• Data section:
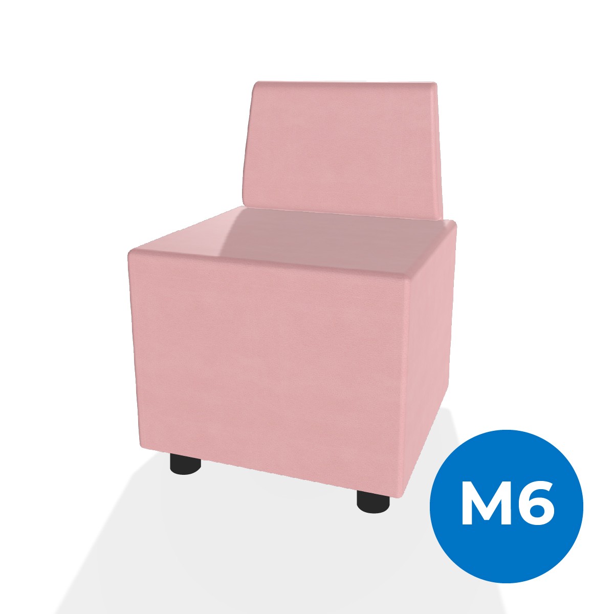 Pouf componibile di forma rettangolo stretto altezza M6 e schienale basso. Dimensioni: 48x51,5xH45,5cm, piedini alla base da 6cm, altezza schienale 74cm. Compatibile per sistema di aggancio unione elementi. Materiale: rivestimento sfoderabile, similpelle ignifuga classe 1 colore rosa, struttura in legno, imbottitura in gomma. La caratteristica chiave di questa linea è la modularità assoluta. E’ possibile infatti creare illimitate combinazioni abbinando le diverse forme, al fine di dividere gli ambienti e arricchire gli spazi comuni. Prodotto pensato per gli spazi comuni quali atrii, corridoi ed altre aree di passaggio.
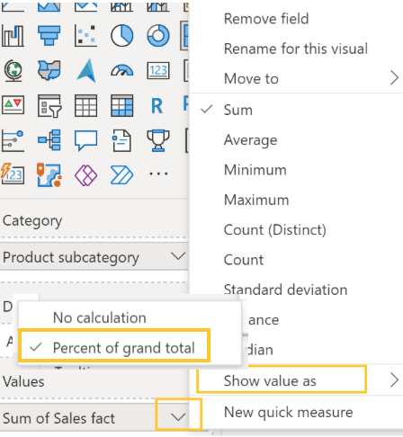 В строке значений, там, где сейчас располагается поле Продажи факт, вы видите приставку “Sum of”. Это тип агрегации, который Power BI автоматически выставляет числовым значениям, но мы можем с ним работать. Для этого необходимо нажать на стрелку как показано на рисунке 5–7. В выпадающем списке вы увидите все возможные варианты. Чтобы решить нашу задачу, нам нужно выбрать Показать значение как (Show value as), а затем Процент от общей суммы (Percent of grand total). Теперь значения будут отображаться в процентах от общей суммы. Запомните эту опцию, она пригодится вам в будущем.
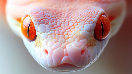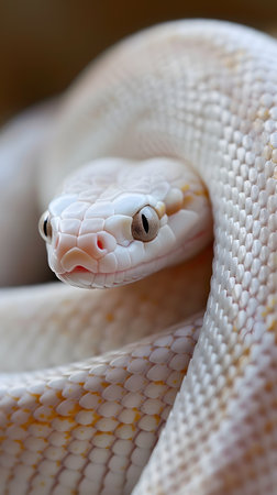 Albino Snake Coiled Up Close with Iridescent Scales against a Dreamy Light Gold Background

• What to produce:
Please write out exactly the lines from the one holding "В строке значений, там, где" through the last line of the material above, both included, as a copy without pictures.

• Task output:
 В строке значений, там, где сейчас располагается поле Продажи факт, вы видите приставку “Sum of”. Это тип агрегации, который Power BI автоматически выставляет числовым значениям, но мы можем с ним работать. Для этого необходимо нажать на стрелку как показано на рисунке 5–7. В выпадающем списке вы увидите все возможные варианты. Чтобы решить нашу задачу, нам нужно выбрать Показать значение как (Show value as), а затем Процент от общей суммы (Percent of grand total). Теперь значения будут отображаться в процентах от общей суммы. Запомните эту опцию, она пригодится вам в будущем.
 Albino Snake Coiled Up Close with Iridescent Scales against a Dreamy Light Gold Background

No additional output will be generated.